Records from a dataset:
- - -

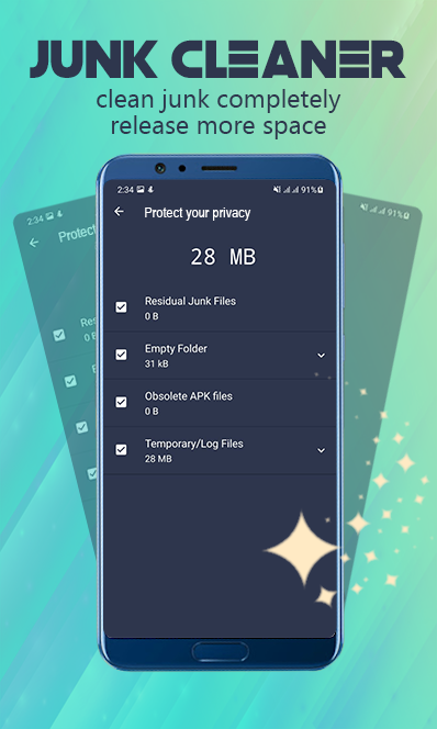 Virus Cleaner with powerful phone cleaner removes junk files, app cache, residual files, useless APK files etc. By releasing more storage space, the phone cleaner optimizes Android mobile phone performance. It is also system cache cleaner and clean android master.
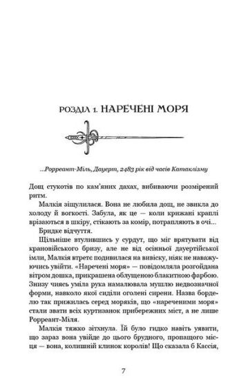 Пасербиця короля, герцогиня-бастард, людина принцеси, клинок королеви — вона має багато прізвиськ, але чи хоч одне з них вірне? Малкія Денмір — герцогиня за правом народження і клинок королеви за посадою. Вона почувається білою вороною у Елмессарському палаці, й лише прихильність принцеси надає сенс її життю і забарвлює його у яскраві кольори. На жаль, трагічні події змушують Малкію покинути палац.
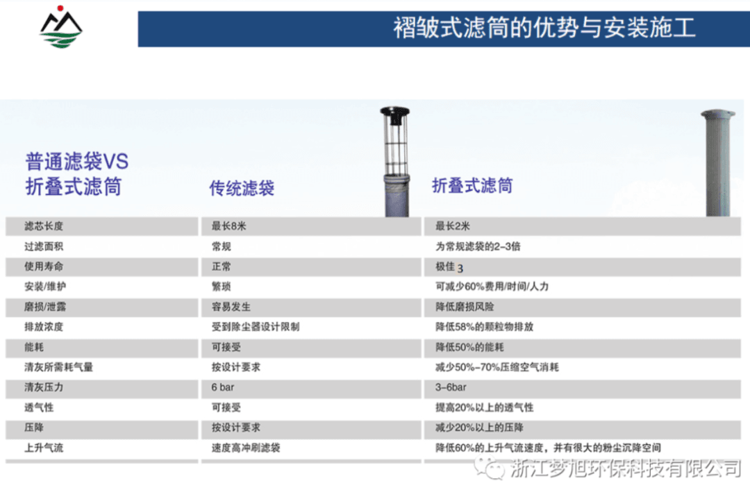 經(jīng)多家水泥企業(yè)使用證明,與傳統(tǒng)的普通濾袋相比,夢旭環(huán)保的褶皺式濾筒具有以下優(yōu)勢:
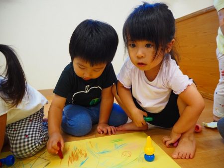 乳児クラスの子どもたちもみんなでお絵描きです。
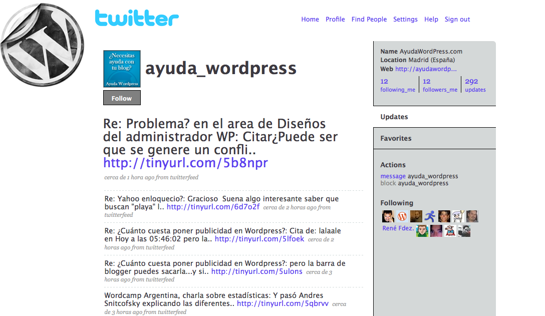 Si eres aficionado a Twitter, el conocido servicio de microblogging, ahora tienes una nueva opción de enterarte de cuando publiquemos algún nuevo artículo en Ayuda WordPress, tanto en el blog como en el foro.
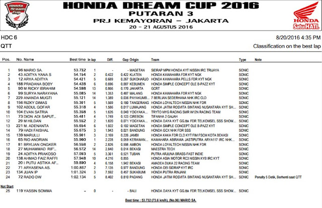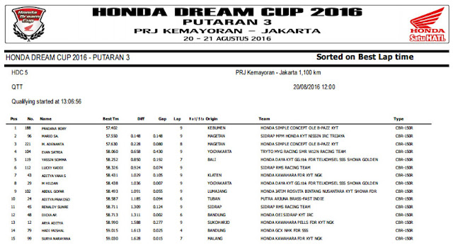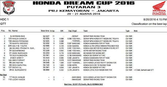 Menginjak seri yang ke 3, Honda Dream Cup [HDC] 2016 kali ini mampir di ibu kota Jakarta. Bertempat di area parkir Pekan Raya Jakarta [PRJ] antusiasme peserta sungguh beda karena pembalap yang datang tak hanya dari wilayah Jawa saja. Nampak beberapa nama datang dari berbagai penjuru, mulai Sumatra Barat, Kalimantan, Bali, hingga Sulawesi. Para pembalap usia belia yang paling banyak datang padati ajang balap satu merk kali ini. Berikut hasil QTT Honda Dream Cup [HDC] seri 3 sirkuit PRJ Kemayoran, Sabtu 20 Agustus 2016. Rudi221
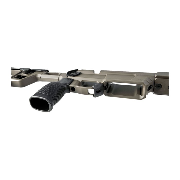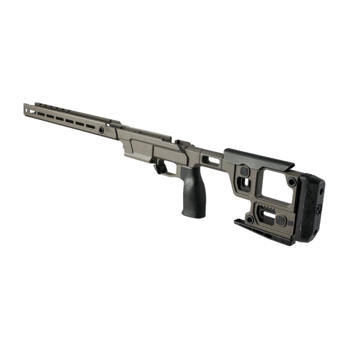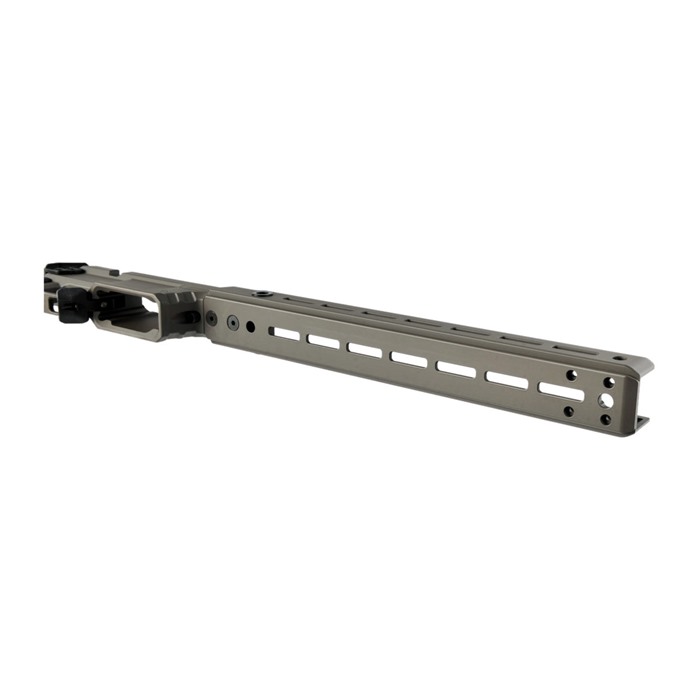 - Constructed from 7075-T6 aluminum, the chassis is durable yet lightweight at 4.28 lbs, and it comes in O.D. Green Cerakote with a 15" fixed assembly.

- - -

## ACTION ITEM:
Restate the data word for word from its first line through the line with "Si eres aficionado", leaving out any picture along the way.

## YOUR RESPONSE:
 Virus Cleaner with powerful phone cleaner removes junk files, app cache, residual files, useless APK files etc. By releasing more storage space, the phone cleaner optimizes Android mobile phone performance. It is also system cache cleaner and clean android master.
 Пасербиця короля, герцогиня-бастард, людина принцеси, клинок королеви — вона має багато прізвиськ, але чи хоч одне з них вірне? Малкія Денмір — герцогиня за правом народження і клинок королеви за посадою. Вона почувається білою вороною у Елмессарському палаці, й лише прихильність принцеси надає сенс її життю і забарвлює його у яскраві кольори. На жаль, трагічні події змушують Малкію покинути палац.
 經(jīng)多家水泥企業(yè)使用證明,與傳統(tǒng)的普通濾袋相比,夢旭環(huán)保的褶皺式濾筒具有以下優(yōu)勢:
 乳児クラスの子どもたちもみんなでお絵描きです。
 Si eres aficionado a Twitter, el conocido servicio de microblogging, ahora tienes una nueva opción de enterarte de cuando publiquemos algún nuevo artículo en Ayuda WordPress, tanto en el blog como en el foro.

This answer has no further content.